Through whatever means took place I got notified that my
medical was reinstated. I was so relieved! Of course I made appointments to
check my eyeballs, etc. I really believed things were looking up when I got the
biggest life changer dropped in my lap so far. One trip to the eye doc.
The most recent big knock that sent me completely over the
edge-knocked me for a loop.
The Diagnosis: Early Onset Primary Open Angle Glaucoma.
My mind went into panic-all I could think of was not being
able to see, going blind.
You know, Glaucoma=blind.
I'm only 49. How could I be a mom? Who would take care of my kids? I
would have to depend completely on someone else! This is not acceptable-I have
to be able to SEE! I would not be able
to do two of the things that are so important to me-writing and photography.
I felt like I’d been handed a death sentence.
I tried to put on a brave face, allowing myself what I
thought was a week of appropriate panic.
Realistically, the doc had been monitoring my eyes for a
while, but we didn’t expect anything for many years and I’d forgotten about it.
The facts are that I have not lost any function in my vision
at this point. I do have optic nerve
damage in both eyes. It’s very treatable
and the eye drops I have to take twice daily basically arrest it on the spot
and it should not progress any further, or if it does, very minimally. The
instances of blindness from my type are very rare.

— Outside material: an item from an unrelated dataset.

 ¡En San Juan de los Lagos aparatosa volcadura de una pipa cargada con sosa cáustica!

I finally noticed that there was something wrong earlier
this week. I was looking over a charitable ‘ask for help’ site and found myself
mocking the posts asking for help, seeing only people out to scam people for
things they were too lazy to work for. (I
know, right?!?)
I looked up at my friend and fellow blogger Seeds of Ink
and asked what was wrong with me. She gave me some much needed feedback that I
finally listened to.
I forced myself to look inward. I wasn’t proud of what I found.
I’m angry. I’m afraid.
I’ve allowed it to
fester and it’s become something that has turned me into someone I don’t like.

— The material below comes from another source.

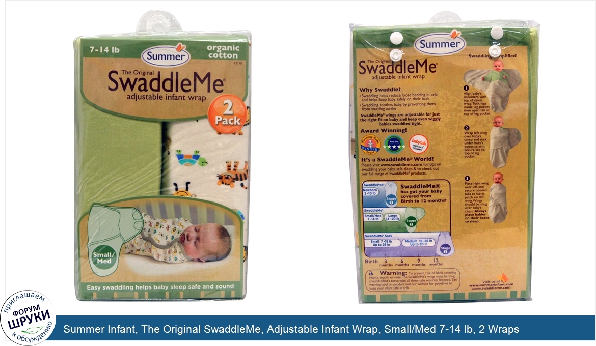 Друзья, если у вас есть отзыв/дополнение/комментарий/вопрос относительно Summer Infant, The Original SwaddleMe, Adjustable Infant Wrap, Small/Med 7-14 lb, 2 Wraps - напишите его ответом в эту тему (это будет полезно всему сообществу в целом и вам в отдельности).

My friends have put up with so much. I can see clearly now how they have all
been worried about me but not really known how to help. I recognize the underlying issue of the whole
shebang.
Control and the lack thereof. I like to be in control of the personal things around me.
I think that recognizing and acknowledging it is the first
step toward getting out of this pit I’ve put myself in. I haven’t made any concrete plans for the
rest of it, but today I’m going to hug my Midget a bit more and get outside
into the sunshine.
I love to garden. I
started several indoor seeds this week and wonder if that bit of therapy was
what gave me the courage to look at this. Who knows what the catalyst was?
I miss the me who has a positive spin on life to a
fault. I miss me. The one that laughs
freely, seeing nonsensical and juvenile idiocy in routine things. I miss the
smiles I bring to those around me. I
decided to start with something simple.
I smiled at myself in the mirror this morning.
I think it was a good place to start.
Until next time,
Robyn J
As always, I would love to hear from you!